Get to know a radeon part 3
Command Processor
The Command Processor (CP) is a part of the chip that parses incoming packets from the driver and programs the GPU appropriately based on those packets. This is a more efficient programming method than MMIO as command streams can be stored in buffers and queued up for eventual processing and, since a single command packet can encompass a fairly substantial set of register writes bandwidth requirements are reduced.
Ring Buffer
To use the CP, a block of GART memory is allocated for the ring buffer. This buffer is shared by the driver and the CP. The driver writes new packets into the ring and the CP reads packets out of the ring and processes them, programming the card appropriately. In order to work properly, both the driver and the CP must have a consistent view of the buffer. To do this, both sides keep track of both a read pointer and a write pointer. The write pointer tracks where in the ring buffer the driver is writing new packets and the read pointer tracks where the CP is reading packets for processing. If the CP’s pointers are equal, the queue is empty and the CP will go idle. Periodically, the driver updates the CP’s copy of the write pointer and the CP updates the driver’s copy of the read pointer so both sides have a consistent view.
Packets
There are 3 types of packets that are primarily used with the CP: type 0, type 2, and type 3. Type 0 packets are used to write data to a number of consecutive registers starting at a particular offset. Type 2 packets are filler packets; NOPs. And type 3 packets are opcode packets that are used to program specific 2D/3D/video tasks.
Indirect Buffers
In addition to the ring buffer, the CP is able to read from buffers in GART memory called Indirect Buffers. The driver can use indirect buffers to store 2D/3D/video command streams. When the driver wants to execute these buffers, it queues up writes to the indirect buffer control registers (base and size) via type 0 packets in the ring buffer. When the CP encounters this it starts fetching the command stream from the indirect buffer until the end of that buffer at which time it goes back to processing the ring buffer.

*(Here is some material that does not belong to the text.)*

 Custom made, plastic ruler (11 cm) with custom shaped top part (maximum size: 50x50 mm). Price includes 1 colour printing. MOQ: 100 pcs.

January 30th, 2008 at 1:11 pm
Very interesting. Thanks!
spell check: both sizes keep -> both sides keep
January 30th, 2008 at 1:22 pm
Very nice. What’s the mechanism ensuring that the read and write pointers do not step on each other’s shoes ?
January 30th, 2008 at 1:40 pm
Both the driver and the CP keep their own copies of the read and write pointers.
January 30th, 2008 at 3:20 pm
I’ve always wondered why the ring buffer design is used instead of a normal buffer. Also, does it ever happen that the buffer fills up and you overwrite commands that haven’t been processed?
January 30th, 2008 at 3:23 pm
You’ve got to keep track in the driver an make sure you don’t fill the ring buffer completely. If you hit the end of the buffer, the read and write pointers would be equal which is assumed by the CP to be an empty queue so it will idle.
January 30th, 2008 at 3:24 pm
That was my question
But then I thought about it a bit, and you can’t do that. Because even if the CP is slow to update your copy of the read pointer, you have a pessimistic guess of the remaining available space so you’ll just refrain from filling the buffer, even if you could.
January 31st, 2008 at 4:15 pm
Could you please, when talking about some radeon part (CP, MMIO etc.) , point to specific functions/parts of driver code?
January 31st, 2008 at 5:00 pm
There are 3 main parts to a DRI enabled X driver: the ddx (handles modesetting, 2D accel, Xv), the mesa 3D driver (converts GL into card specific commands), and the drm (kernel module that arbitrates access to the hw). The ddx and 3D driver send command buffers to the drm which validates the buffers and submits them to the hw. In this case the driver side of the CP handling (as referenced by the above post) is done in the radeon drm:
http://cgit.freedesktop.org/mesa/drm/